Jim Cramer's Top 10 Things to Watch in the Stock Market Thursday

Jim Cramer’s Top 10 Things to Watch in the Stock Market Thursday

My top 10 things to watch on Thursday, May 30

1. of Dow early Thursday it was moving lower, as it has done in recent sessions. Dow stocks and club name Salesforce’s post-earnings decline was responsible for most of the 300-point premarket decline. Dow, S&P 500 AND Nasdaq everyone was looking at consecutive losses if the morning trading continues at the close. Club name Costco reports earnings after the bell.

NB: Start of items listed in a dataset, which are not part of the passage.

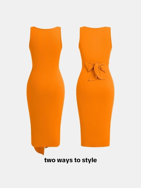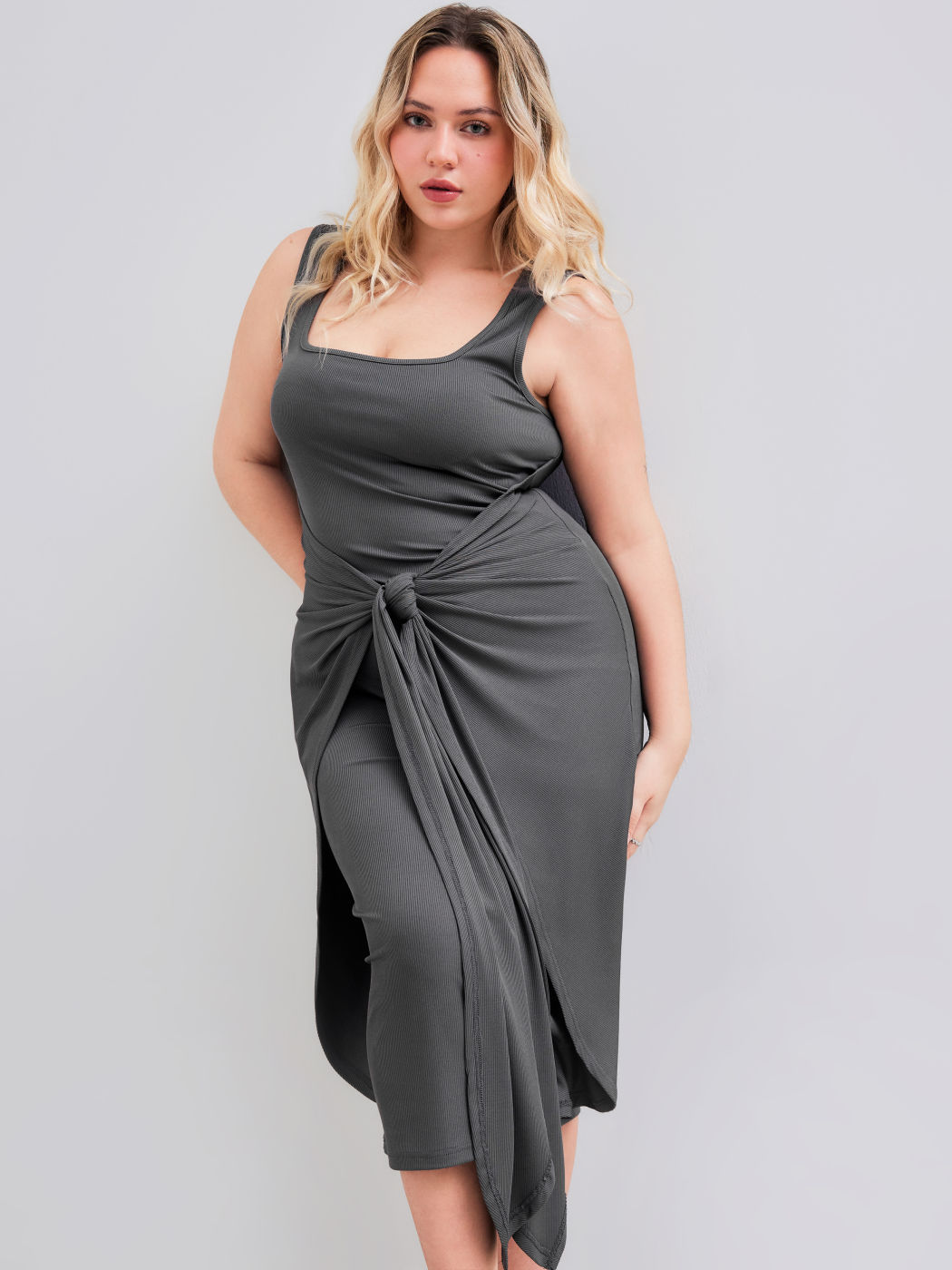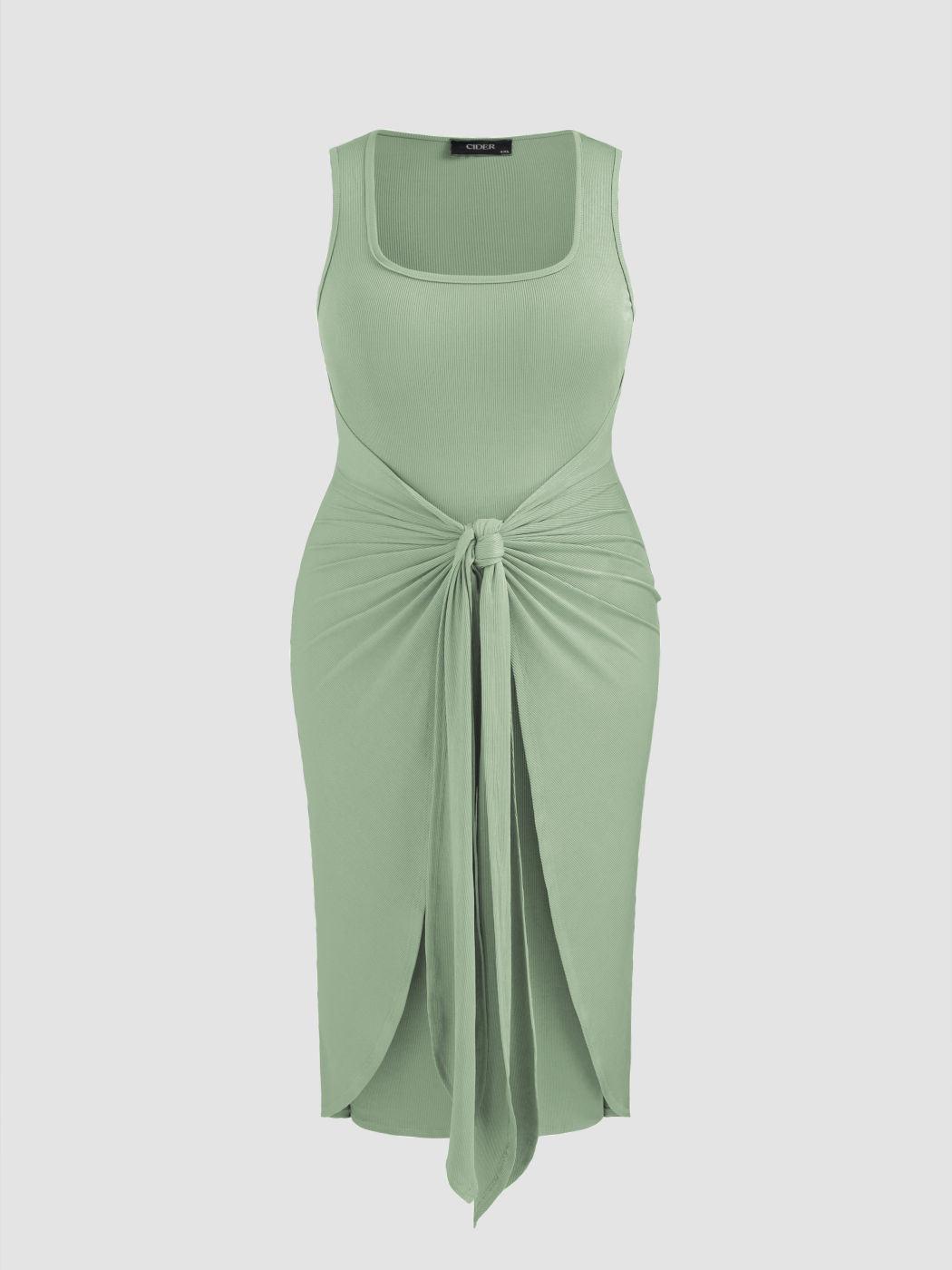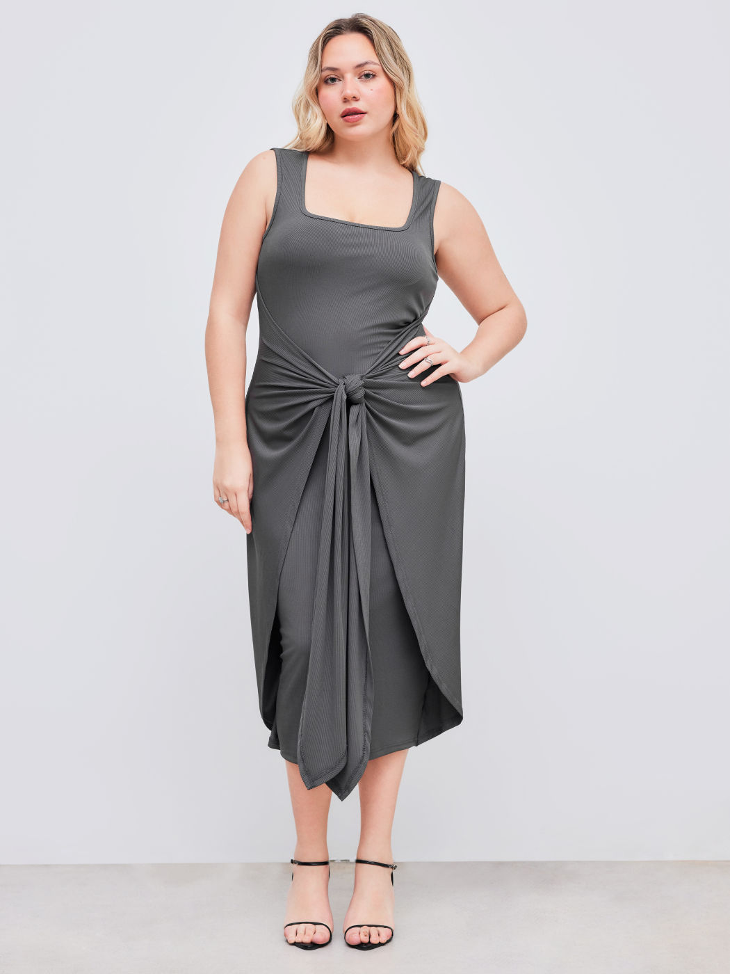 Square Neck Solid Twist Knotted Maxi Dress Curve & Plus Dress
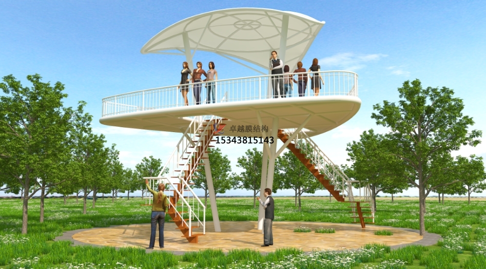 景觀棚膜結(jié)構(gòu)常常被用來打造遮陽避雨的休閑場所。游客們可以在膜結(jié)構(gòu)景觀棚下休憩、欣賞周邊的美景,感受大自然的氣息,同時又能免受烈日暴曬和雨水侵襲之苦。而且,這些造型各異的景觀棚本身也成為了公園和景區(qū)內(nèi)一道亮麗的風(fēng)景線,吸引著眾多游客駐足拍照留念。
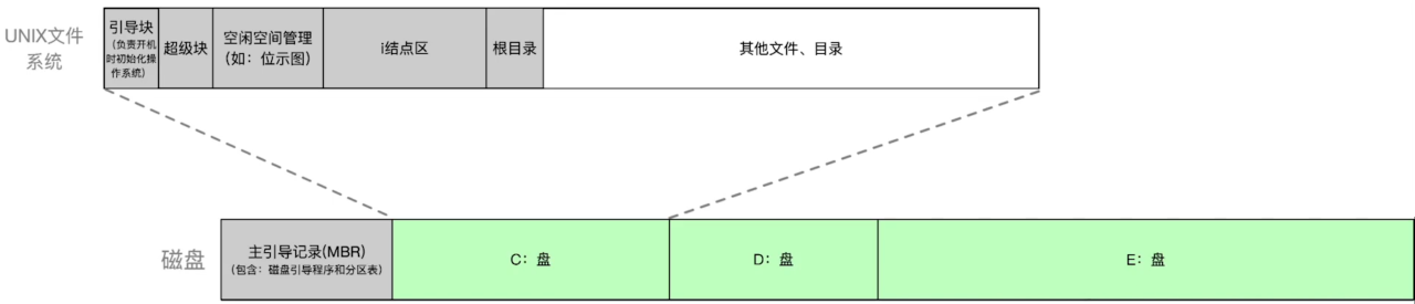- 将磁盘分区,每个分区由若干柱面组成(即分为我们熟悉的C盘、D盘、E盘)

2. SalesforceLast quarter and Wednesday night’s guidance showed us that the slowdown in enterprise software is real. Shares fell 15%. While overvalued, stocks are not rewarded for slowing growth. We maintained our 2 rating and lowered the Club’s price target to $300 from $340. Key words from post-earnings say: “limited” sales cycle, “budgetary review” and “judicious buying environment.”

3. Buy better Shares jumped nearly 7%, gaining momentum after computers and artificial intelligence equipment were cited as expected drivers of sales on the electronics retailer’s post-earnings call. Quarterly profit beat, but revenue missed. Same-store sales were lost. Management lowered their forecast for capital expenditures for the full year.

4. The embattled stock Foot locker rose 12% after the sneaker retailer beat quarterly earnings, matched revenue and reported a smaller-than-expected decline in same-store sales. The guidance was pretty good as signs that CEO Mary Dillon’s turnaround is starting to take hold.

  • I’ll be talking about Costco, Salesforce, Best Buy, and Foot Locker, as well as the other 29 stocks in the Investing Club portfolio at our May Monthly Meeting at noon ET.

5. Shares of Kohl’s plunged more than 20% after the department store chain reported a quarterly loss per share of 24 cents, when a profit of 4 cents was expected. Revenue was also lacking. Kohl’s also cut its future outlook.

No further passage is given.